WHAT TO DO:
Apart from the images, the entire listing below must be restated word for word.

WORKING DATA:

Content starts

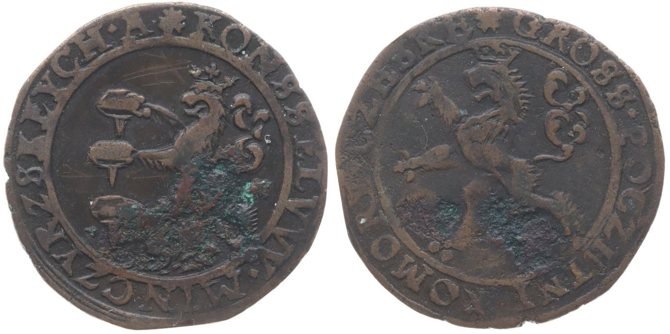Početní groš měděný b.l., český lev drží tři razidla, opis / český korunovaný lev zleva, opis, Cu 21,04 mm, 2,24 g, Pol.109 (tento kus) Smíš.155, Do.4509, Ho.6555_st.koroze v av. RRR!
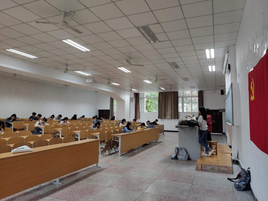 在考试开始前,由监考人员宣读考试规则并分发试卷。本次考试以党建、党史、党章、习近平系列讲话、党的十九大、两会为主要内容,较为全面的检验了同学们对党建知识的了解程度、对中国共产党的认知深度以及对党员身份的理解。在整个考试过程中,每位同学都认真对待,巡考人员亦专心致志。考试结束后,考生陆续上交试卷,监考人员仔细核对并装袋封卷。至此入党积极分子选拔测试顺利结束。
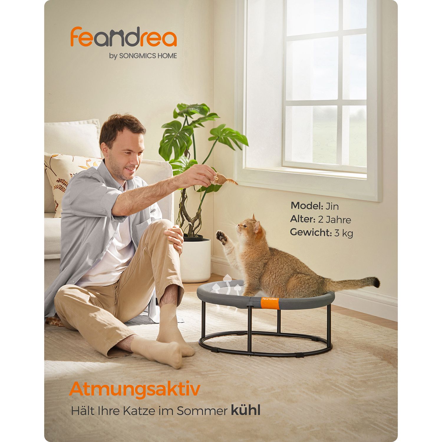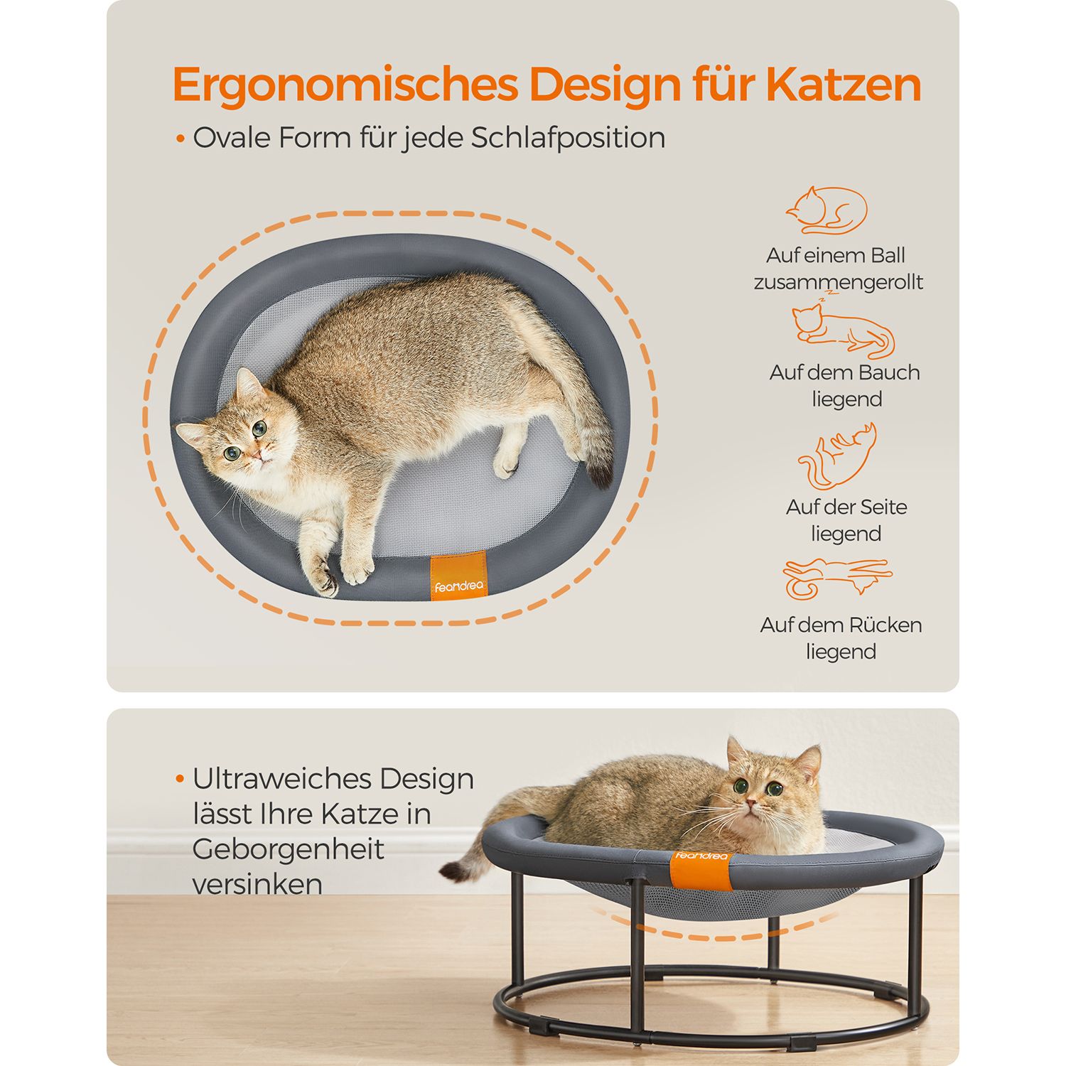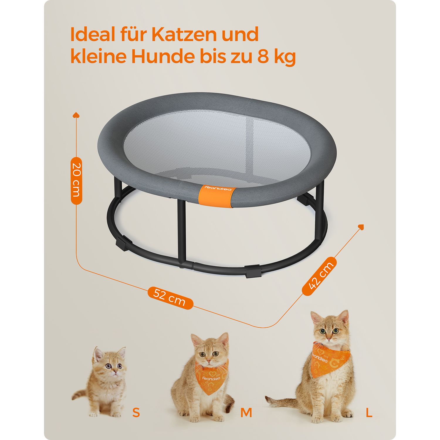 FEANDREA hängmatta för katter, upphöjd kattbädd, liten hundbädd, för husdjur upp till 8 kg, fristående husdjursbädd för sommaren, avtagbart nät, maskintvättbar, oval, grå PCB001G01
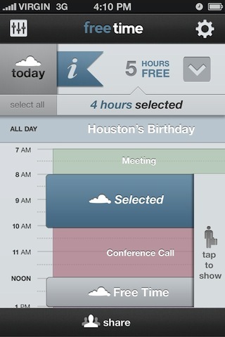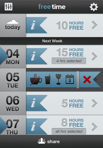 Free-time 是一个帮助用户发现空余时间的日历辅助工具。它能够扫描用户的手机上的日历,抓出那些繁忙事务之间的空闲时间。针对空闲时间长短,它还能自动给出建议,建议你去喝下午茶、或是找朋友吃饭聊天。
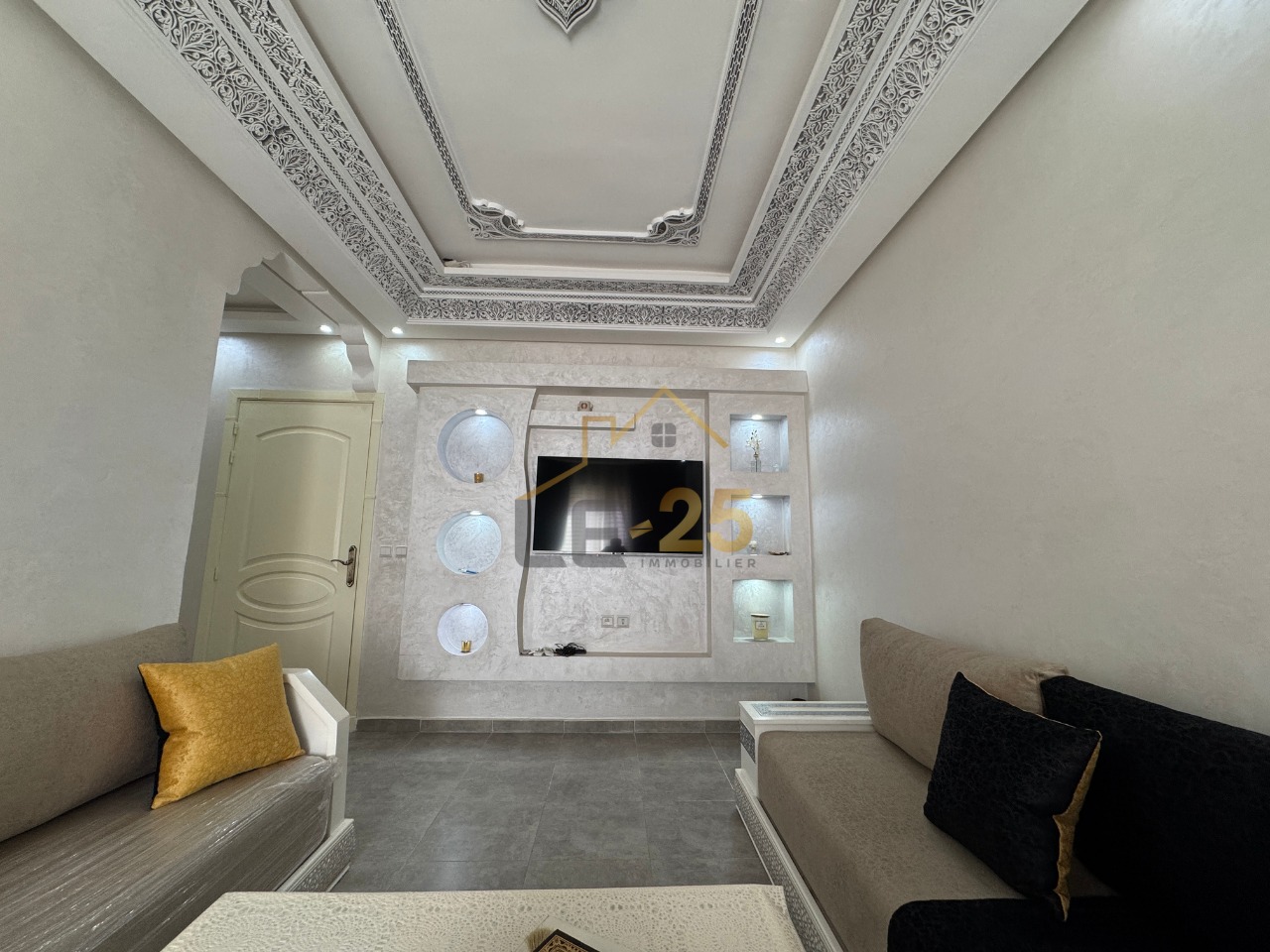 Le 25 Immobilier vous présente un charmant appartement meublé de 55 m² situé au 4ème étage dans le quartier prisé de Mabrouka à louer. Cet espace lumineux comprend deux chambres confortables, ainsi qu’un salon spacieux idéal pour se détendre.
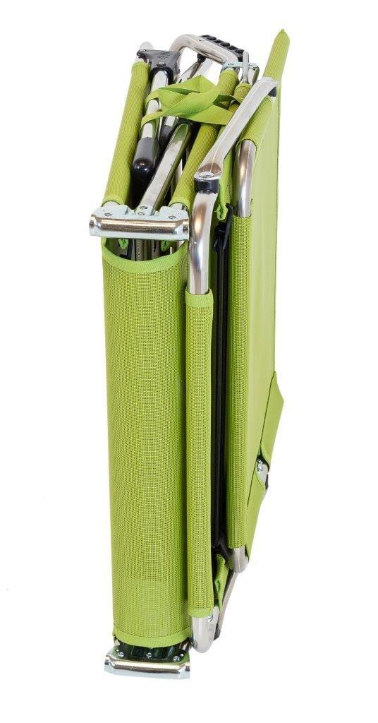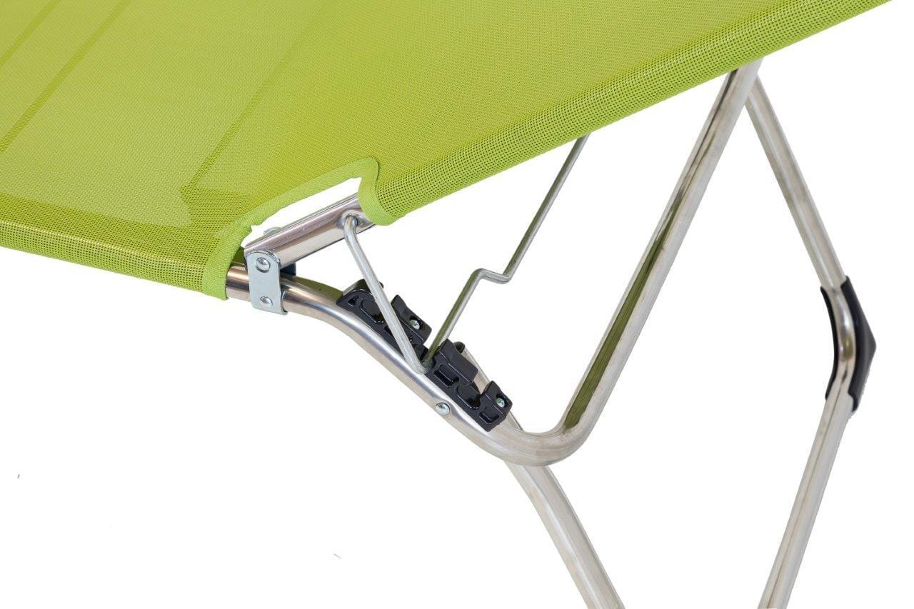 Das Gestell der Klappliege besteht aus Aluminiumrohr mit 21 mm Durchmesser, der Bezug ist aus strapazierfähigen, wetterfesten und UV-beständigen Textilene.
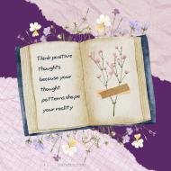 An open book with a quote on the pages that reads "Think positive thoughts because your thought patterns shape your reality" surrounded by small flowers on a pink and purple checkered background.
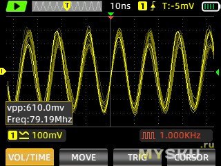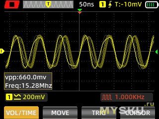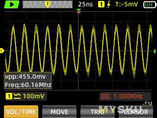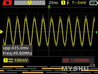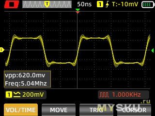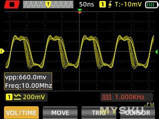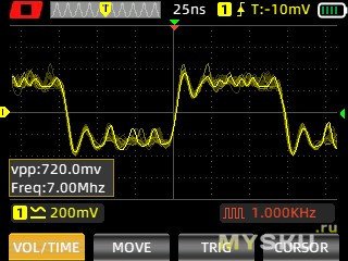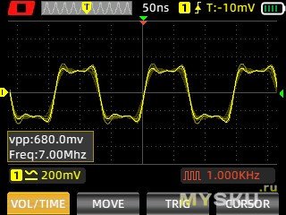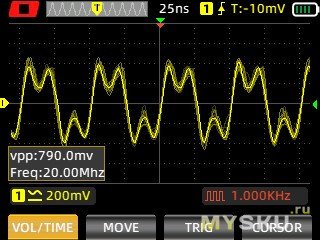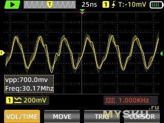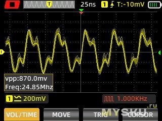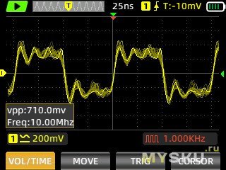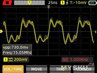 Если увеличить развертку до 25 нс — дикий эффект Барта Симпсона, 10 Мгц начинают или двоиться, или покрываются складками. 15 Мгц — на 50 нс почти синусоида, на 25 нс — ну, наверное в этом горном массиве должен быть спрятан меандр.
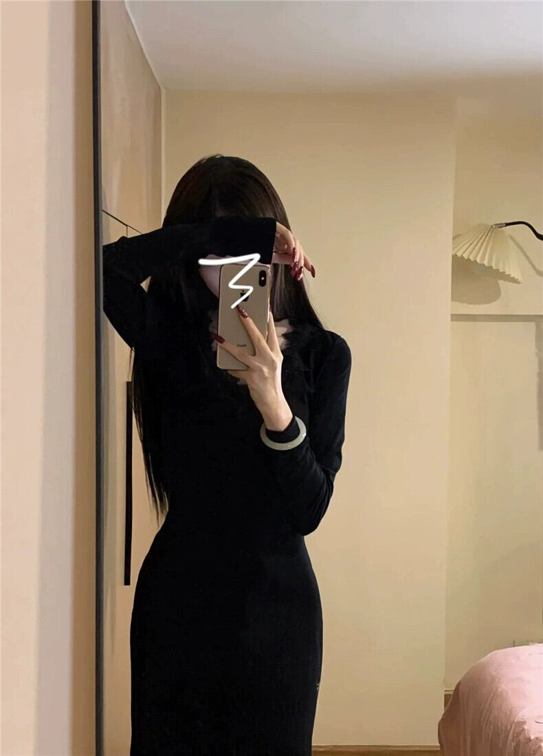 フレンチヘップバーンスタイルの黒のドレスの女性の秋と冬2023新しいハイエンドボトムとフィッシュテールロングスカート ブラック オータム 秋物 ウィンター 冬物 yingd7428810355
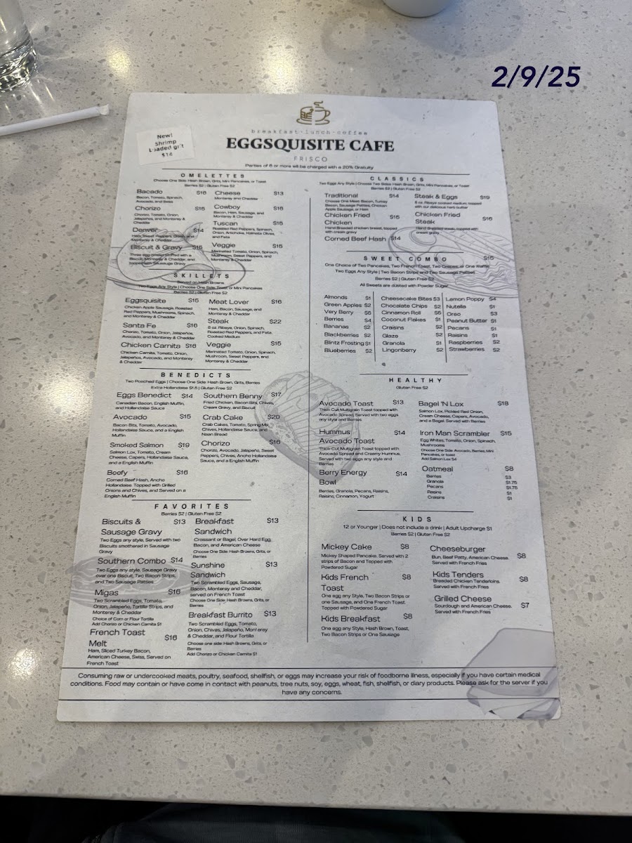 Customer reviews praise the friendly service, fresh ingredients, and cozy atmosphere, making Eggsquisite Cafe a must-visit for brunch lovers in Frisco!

Content ends

EXPECTED ANSWER:
Početní groš měděný b.l., český lev drží tři razidla, opis / český korunovaný lev zleva, opis, Cu 21,04 mm, 2,24 g, Pol.109 (tento kus) Smíš.155, Do.4509, Ho.6555_st.koroze v av. RRR!
 在考试开始前,由监考人员宣读考试规则并分发试卷。本次考试以党建、党史、党章、习近平系列讲话、党的十九大、两会为主要内容,较为全面的检验了同学们对党建知识的了解程度、对中国共产党的认知深度以及对党员身份的理解。在整个考试过程中,每位同学都认真对待,巡考人员亦专心致志。考试结束后,考生陆续上交试卷,监考人员仔细核对并装袋封卷。至此入党积极分子选拔测试顺利结束。
 FEANDREA hängmatta för katter, upphöjd kattbädd, liten hundbädd, för husdjur upp till 8 kg, fristående husdjursbädd för sommaren, avtagbart nät, maskintvättbar, oval, grå PCB001G01
 Free-time 是一个帮助用户发现空余时间的日历辅助工具。它能够扫描用户的手机上的日历,抓出那些繁忙事务之间的空闲时间。针对空闲时间长短,它还能自动给出建议,建议你去喝下午茶、或是找朋友吃饭聊天。
 Le 25 Immobilier vous présente un charmant appartement meublé de 55 m² situé au 4ème étage dans le quartier prisé de Mabrouka à louer. Cet espace lumineux comprend deux chambres confortables, ainsi qu’un salon spacieux idéal pour se détendre.
 Das Gestell der Klappliege besteht aus Aluminiumrohr mit 21 mm Durchmesser, der Bezug ist aus strapazierfähigen, wetterfesten und UV-beständigen Textilene.
 An open book with a quote on the pages that reads "Think positive thoughts because your thought patterns shape your reality" surrounded by small flowers on a pink and purple checkered background.
 Если увеличить развертку до 25 нс — дикий эффект Барта Симпсона, 10 Мгц начинают или двоиться, или покрываются складками. 15 Мгц — на 50 нс почти синусоида, на 25 нс — ну, наверное в этом горном массиве должен быть спрятан меандр.
 フレンチヘップバーンスタイルの黒のドレスの女性の秋と冬2023新しいハイエンドボトムとフィッシュテールロングスカート ブラック オータム 秋物 ウィンター 冬物 yingd7428810355
 Customer reviews praise the friendly service, fresh ingredients, and cozy atmosphere, making Eggsquisite Cafe a must-visit for brunch lovers in Frisco!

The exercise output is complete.